Ptyxis Ecology - Our Botany Blog

Saturday, 6 September 2008

A mountain stream in Regent's Park??

The shot below shows a water feature in the 'nature study' area of Regent's Park in central London. On a recent bryophyte survey we did for the park this was one of the few habitats we found with a well-developed bryophyte community. The sheltered water feature creates a suitable humid environment for several species that otherwise occur only sparsely in the area.

However the biggest surprise was finding Racomitrium aciculare sitting on rocks by the 'stream'. This species has never been recorded in Middlesex before and is very uncommon in south and east England as you can see from this distribution map from the NBN website.

In the north and west of Britain you can almost gaurantee to find it on rocks by any upland stream, but this habitat is absent from most of lowland Britain.

The neat round cushions with the white hairs sticking up in the picture above are Grimmia pulvinata which is a very common species on rocks and walls everywhere. Racomitrium aciculare is the more straggly dark green plant in the middle of the top of the picture, with a few more shoots on the top right.

The main focus of the survey was to look for bryophyte epiphytes (plants that grow on trees). These were fairly sparse and mainly confined to a small number of species. Many epiphytic species cannot live in areas with high athmospheric pollution. In recent decades particulate air pollution associated with coal fires has almost gone and as a result in recent years several epiphytic species have been sucessfully recolonising areas they have been missing from for a very long time. However most truly urban areas still have relatively few epiphytes.

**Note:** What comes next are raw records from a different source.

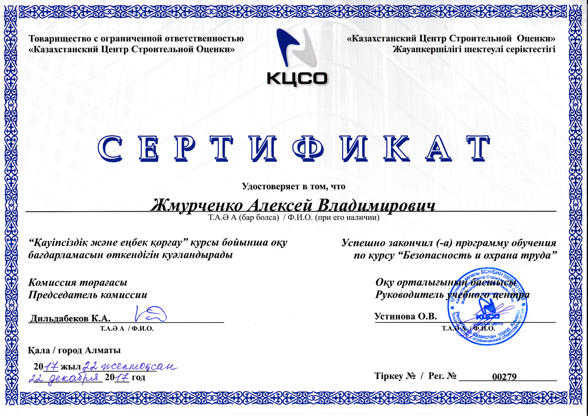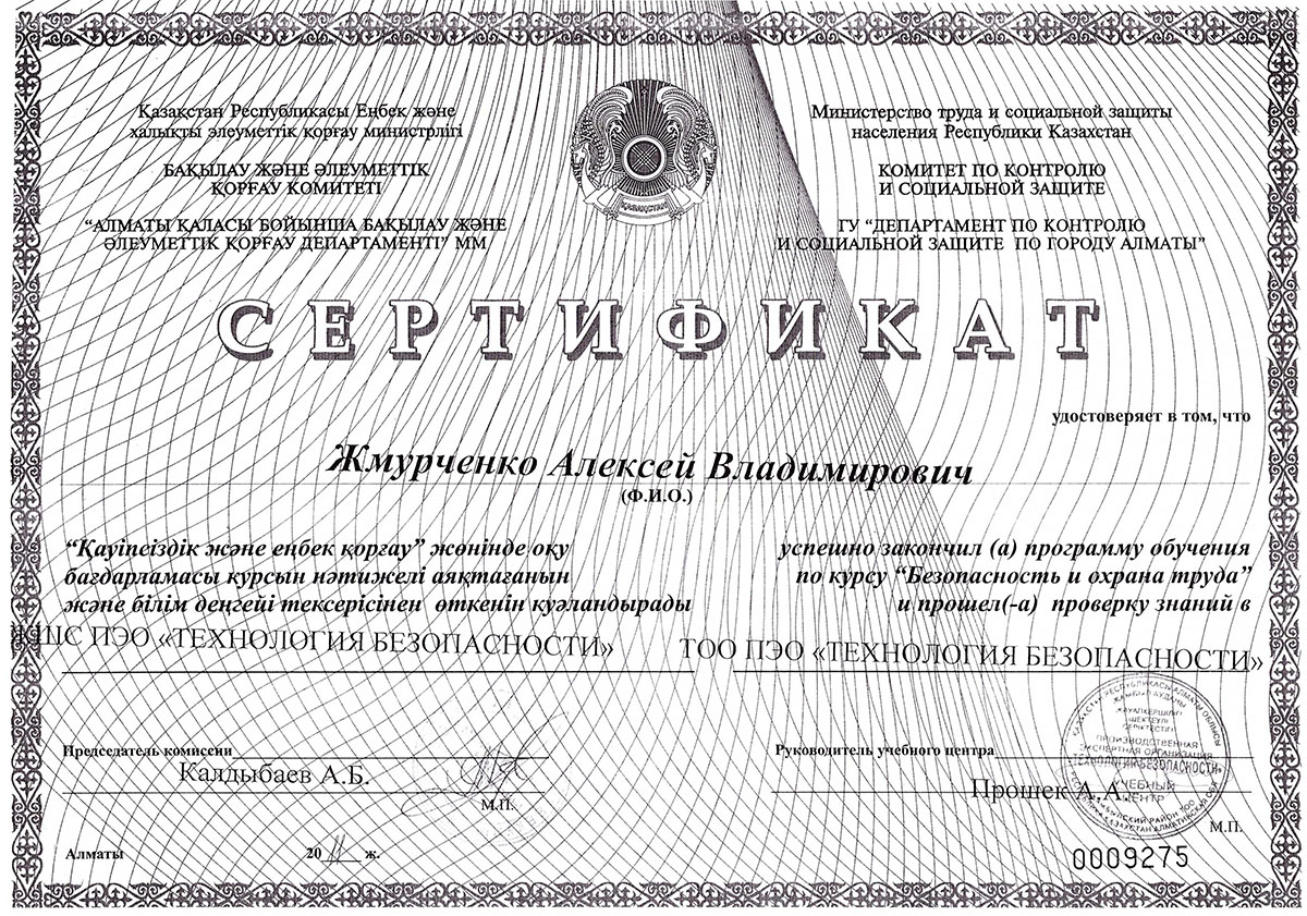 Сертификат «Безопасность и охрана труда»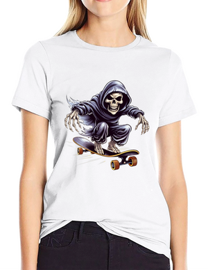 Grim Reaper Skateboarding Graphic Tee - Cool Skeleton Shirt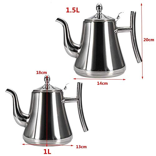 YYAI-HHJU - إبريق قهوة موكا من الفولاذ المقاوم للصدأ بيد ياي- إتش جيه يو مكبس الفرنسي سعة 1 لتر - 1.5 غلاية بفلتر وبيد 1500 مل ستانلس ستيل فضي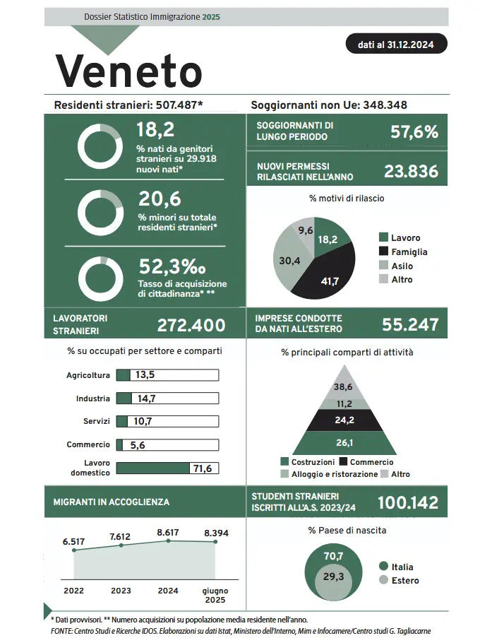 Al 31 dicembre 2024 i residenti stranieri in Veneto sono 507.487, pari al 10,5% della popolazione totale (media nazionale 9,2%). L’incremento rispetto all’anno precedente è stato contenuto (+1,3%), il più basso tra le regioni italiane. Un fattore determinante è l’aumento delle acquisizioni di cittadinanza italiana: 26.398 nel 2024, in crescita dell’8,1%, il valore più alto tra le regioni con forte presenza migratoria.

The picture above shows the most common type of epiphyte community we found, comprised mainly of the lichens Physcia adscendens and Xanthoria parietina, with a little of the moss Orthotrichum diaphanum. Most Orthotrichum species are epiphytes and Orthotrichum diaphanum is the one that is most tolerant of air pollution.

On a small number of trees the bryophyte element of the epiphytic community was more developed but it usually consited of just Orthotrichum diaphanum and Rhynchostegium confertum. Interestingly, their were occasional cushions of both Tortula muralis and Grimmia pulvinata on the trees. These species normally grow on walls or rocks and only rarely grow on trees, but something about the tree habitat in London makes them behave differently.

There are many London plane trees in London parks and at first glance these would seem to be unpromising habitat for epiphytic species as the trees shed their outer bark in small patches very regularly. This habit allows the trees to cope with polluted areas better than most other tree species as every time the bark is shed it results in a fresh clean new bark free from grime, helping the tree to breathe easier. It turned out that London plane is in fact the best tree species for bryophytes in central London (apart from elms which are much less common). The epiphyte community is often fairly well developed on the base of the larger trees where the bark is no longer shed so regularly. The texture and chemistry of the bark must make the suface more suitable for epiphytes than the other tree species.